- [EXERCISE DIRECTIONS]: Everything below from the line with "安徽省巢湖市境内有半汤和柘皋" through the line with "și 2 motopompe." must be retyped exactly, except the pictures.

- [RECORD EXTRACTS]:
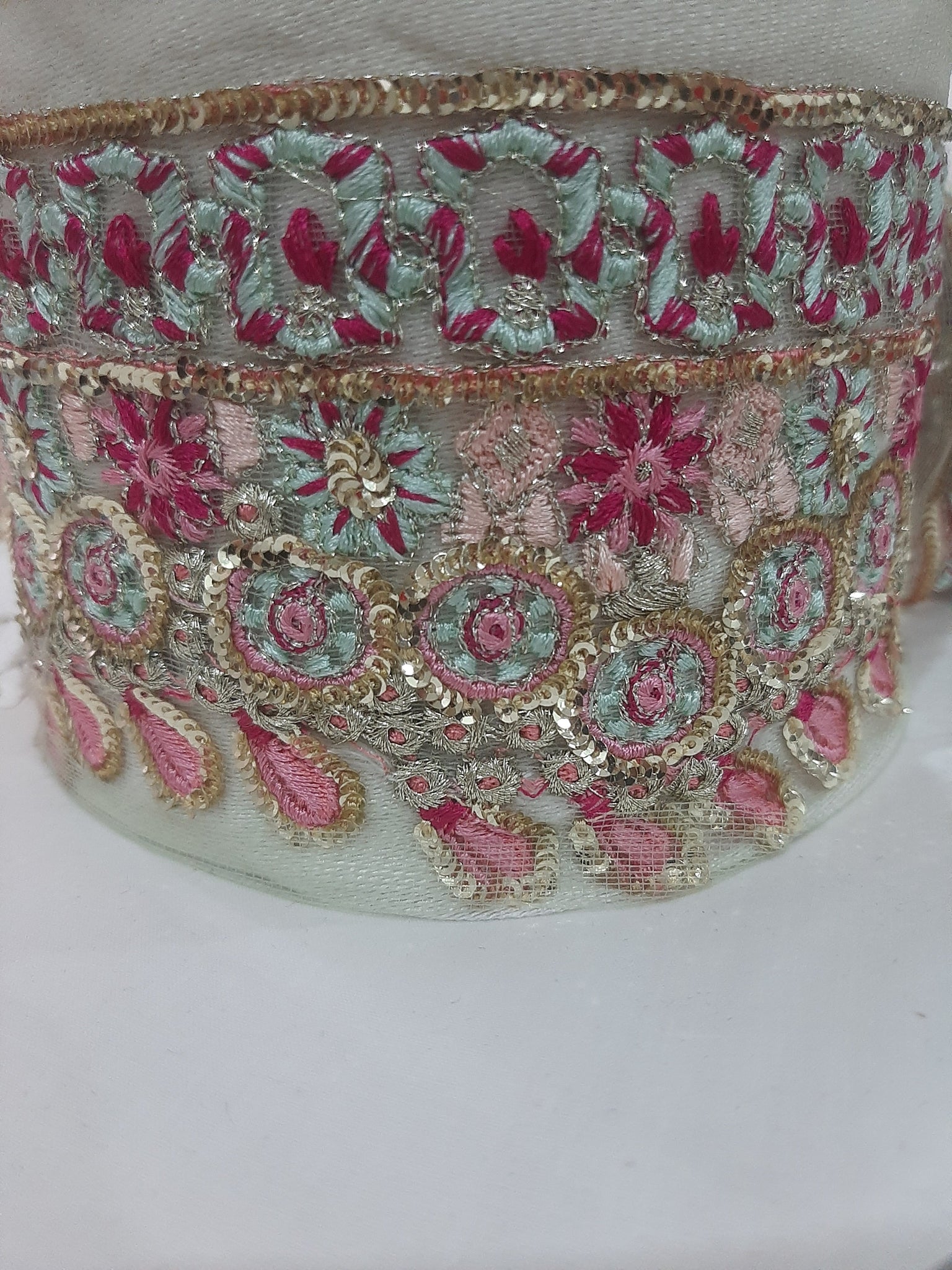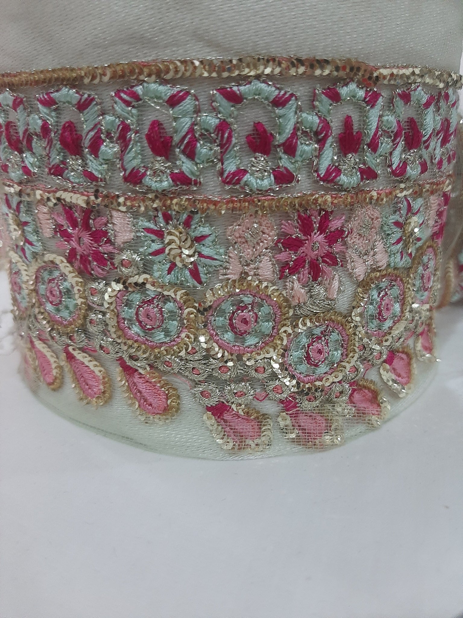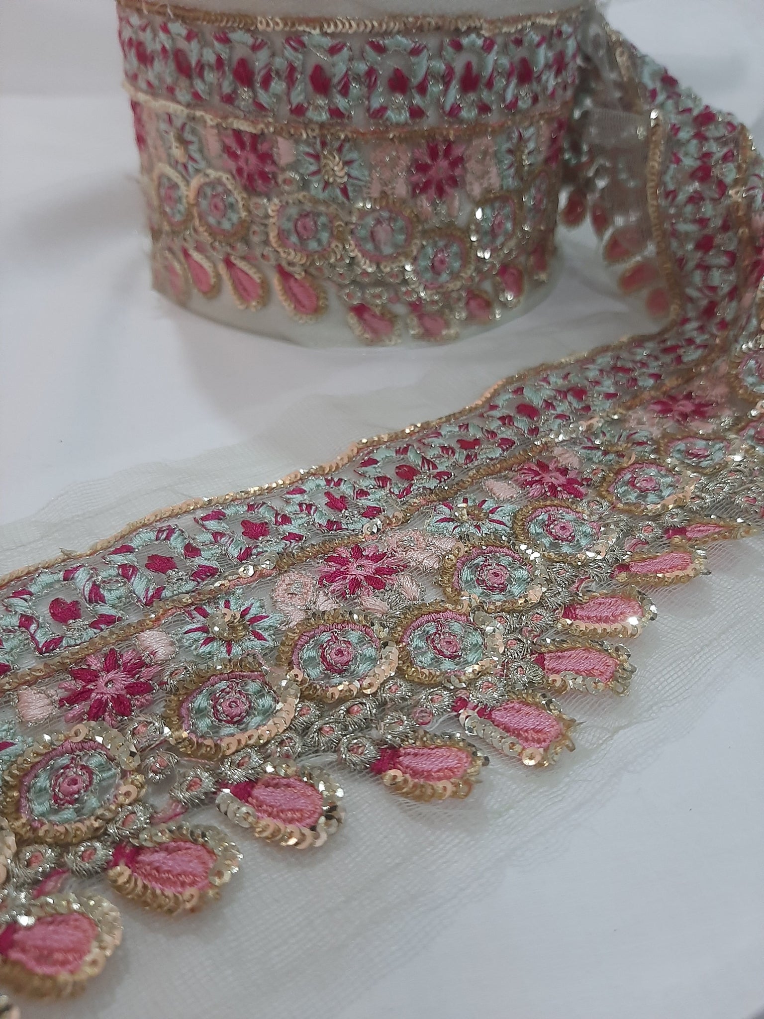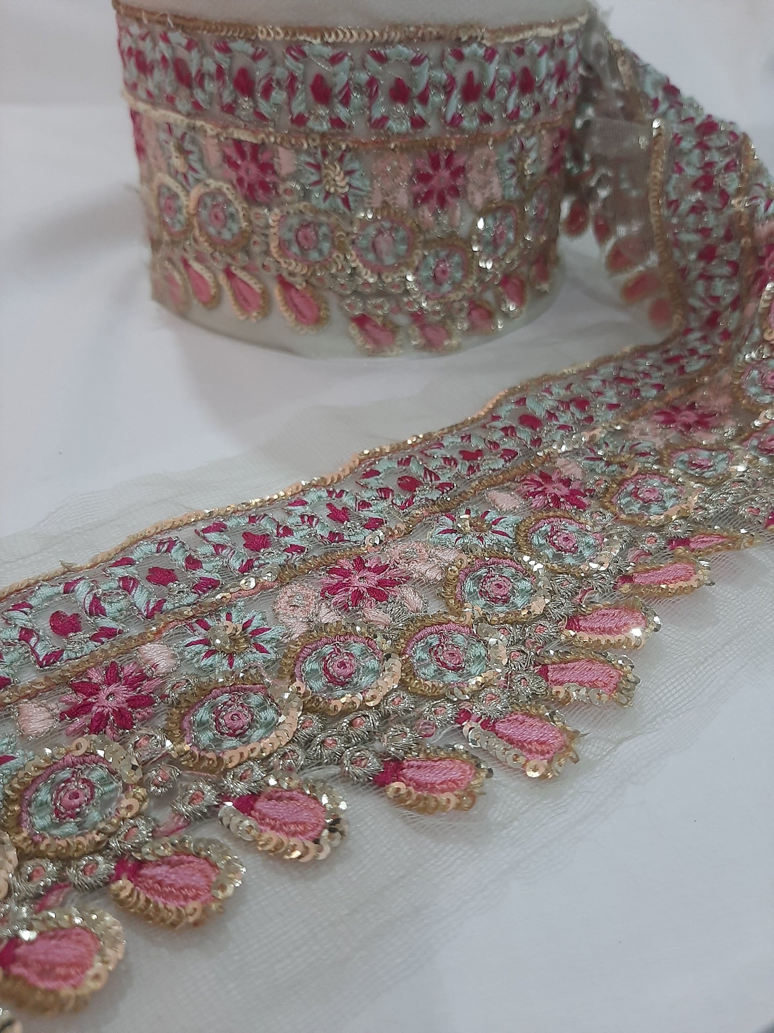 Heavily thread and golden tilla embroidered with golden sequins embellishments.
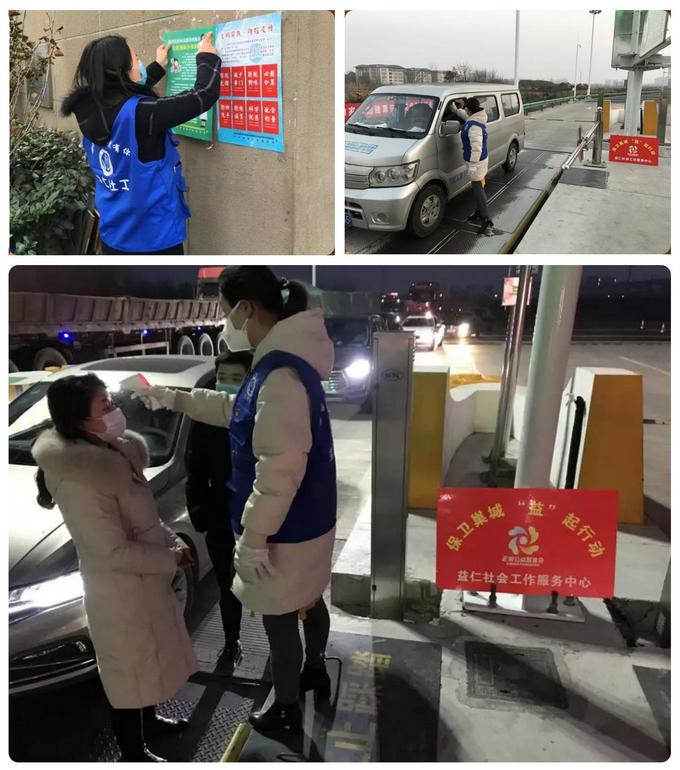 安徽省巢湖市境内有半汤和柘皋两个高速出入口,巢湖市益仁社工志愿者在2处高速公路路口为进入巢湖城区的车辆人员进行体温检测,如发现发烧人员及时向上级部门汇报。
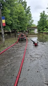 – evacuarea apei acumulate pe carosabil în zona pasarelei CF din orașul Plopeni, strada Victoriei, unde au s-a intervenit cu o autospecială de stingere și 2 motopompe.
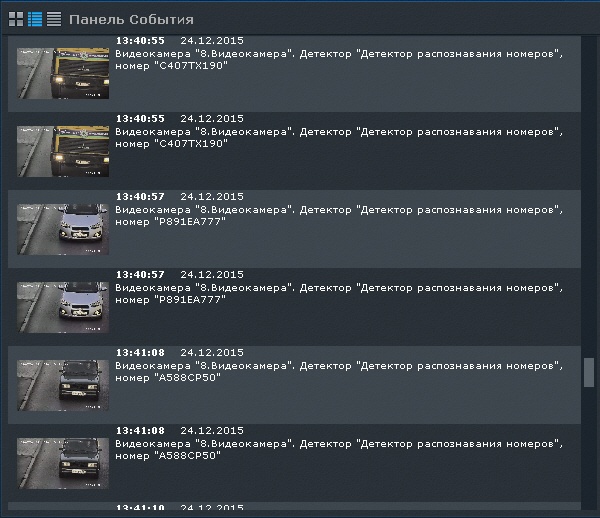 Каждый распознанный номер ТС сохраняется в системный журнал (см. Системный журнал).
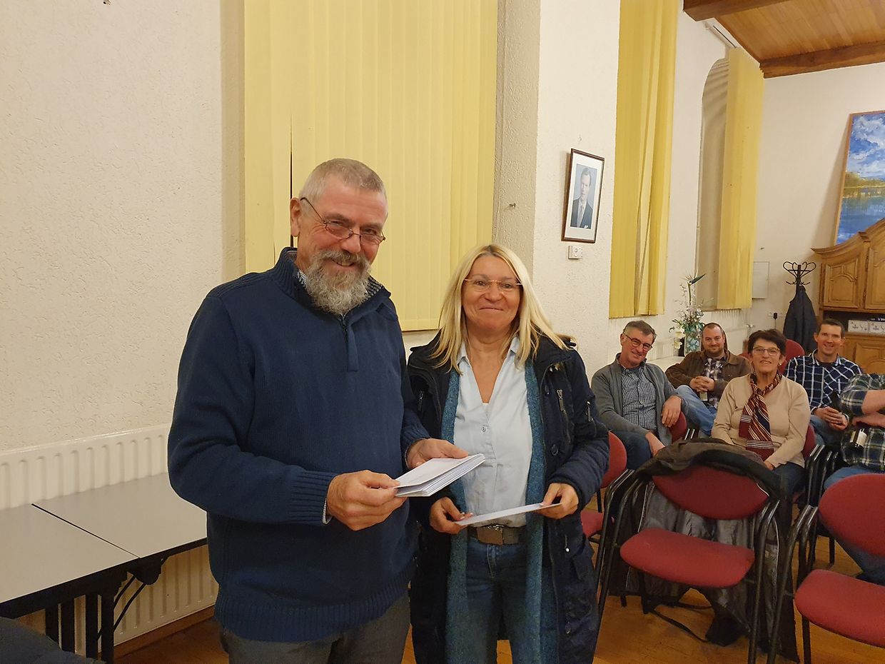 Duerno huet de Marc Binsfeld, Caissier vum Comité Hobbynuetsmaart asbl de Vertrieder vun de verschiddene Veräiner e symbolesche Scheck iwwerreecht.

- [ANSWER BOX]:
 安徽省巢湖市境内有半汤和柘皋两个高速出入口,巢湖市益仁社工志愿者在2处高速公路路口为进入巢湖城区的车辆人员进行体温检测,如发现发烧人员及时向上级部门汇报。
 – evacuarea apei acumulate pe carosabil în zona pasarelei CF din orașul Plopeni, strada Victoriei, unde au s-a intervenit cu o autospecială de stingere și 2 motopompe.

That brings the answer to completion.